夏娇娇脸上的血色一秒退却。
“别醒来盯着我看。”
“别小心翼翼的讨好我。”
“也别像是多舍不得我。”
谢羁的视线锋利的看着夏娇娇,“别搞得多爱的似得,当初你自己说的,不会后悔。”
“现在呢?”
“你在做什么?”
“迟来的忏悔?”
“还是外面混够了,又想起我这个车场里的糙男人了?”
“觉得耍我好玩是吧?”
谢羁的每一个字都像是一把锋利刀,深深的刺入夏娇娇的胸口,准确又狠厉。
夏娇娇攥着的手缓缓松开。
混杂着眼泪,最后无奈的笑了一下,“嗯,我做的选择,你别原谅我。”
谢羁盯着她猩红的眼,夏娇娇哭总是没有声息的,像是连哭都不敢大声。
他烦躁的抬步往外走,在夏娇娇的目光中,一点点走远了。
夏娇娇垂下眼睫,吸了吸鼻子。
兜里的电话在这个时候响了,是李明渊打过来的,“爱徒。”
夏娇娇低着头,羽绒服上的眼泪用指腹擦了擦,“嗯,师父。”
李明渊顿了一下,“怎么了?声音不对。”
夏娇娇,“有点感冒了。”
李明渊“哦”了声,“论文写的不错,原本想叫你出差的,既然感冒了,你再休息几天吧。”
夏娇娇愣住。
论文?
她没写啊。
前面几天都在工地了,她啥都没写,原本还以为李明渊是打电话过来催的。
李明渊挂断电话之前,问了一嘴夏娇娇,“选哪个地方的分部做历练,想好了?”
夏娇娇嘴唇动了动,又想起谢羁走之前的厌恶,一颗心皱巴巴的,“还……没呢,我再想想。”

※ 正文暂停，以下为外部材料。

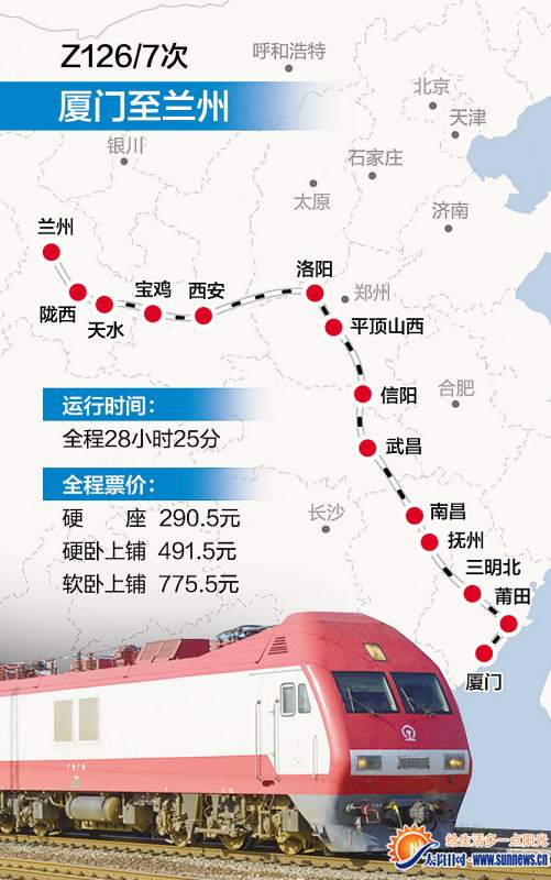 海西晨报讯(记者 雷妤 通讯员周溶冰)今年5月20日铁路运行图将微调。本次调图,厦门将首开至兰州的直达特快列车,全程运行28小时25分。 厦直达兰州特快将开通 据悉,厦门—兰州列车将于5月20日首发,车次为Z126/7次,返程车次为Z128/5次,该列车经由杭深、永莆、昌福、京九、武九、京广、漯宝、焦柳、陇海线运行。 根据时刻表,Z126次于7:05从厦门站始发,次日11:30到达兰州,全程运行28小时25分(详见左图)。全程票价:硬座290.5元、硬卧上铺491.5元、软卧上铺775.5元。 该趟列车的开行,使旅客可以从厦门深入西北腹地,到西安的时间也从近40个小时大幅缩减到21个小时左右。市民还可乘此列车直达宝鸡、天水、洛阳等历史名城。另外,搭乘此列车到兰州,并通过兰新高铁中转前往青海、新疆等地也将更便捷。 厦门到北京提速15小时 此外,本次调图后,厦门—北京西K308/5、K307/6次快速旅客列车提升等级为直达特快列车,车次改为Z308/7,并改经杭深、永莆、昌福、昌九城际、京九线运行,不再停靠漳州东、漳平、永安、三明、邵武、资溪、鹰潭、潢川、亳州、商丘南等站,新增莆田、三明北、抚州、南昌西停靠站。全程运行18小时32分,较原运行时间缩短15个小时。票价也有所下降,全程票价硬座240元、硬卧上铺408元、软卧上铺640元。 目前厦门至兰州、北京西的直达车车票已可以通过互联网、电话订票,车站、自助售票机及代售点售票窗口则于今日开始发售。 |

李明渊觉得这徒弟什么都好,就是太不把自己的事情放在心上。
他于是焦心的说:“奋城可以,我打了最大一个红勾勾,你没看见吗?那个地方富饶,我之前手底下的组员也在那边多,你过去别说案子,就是直接进入当地的律师组委会也是我一句话的事。”
李明渊这次不给选择的时间了,“你这两天把表格交给我,我回头跟那边的人提前打招呼,帮你把办公室整理出来,我看到一个老好的位置,风水特别好。”
夏娇娇低着头,看着身上云雾紫的羽绒服,轻轻的说:“我……再想两天行么?”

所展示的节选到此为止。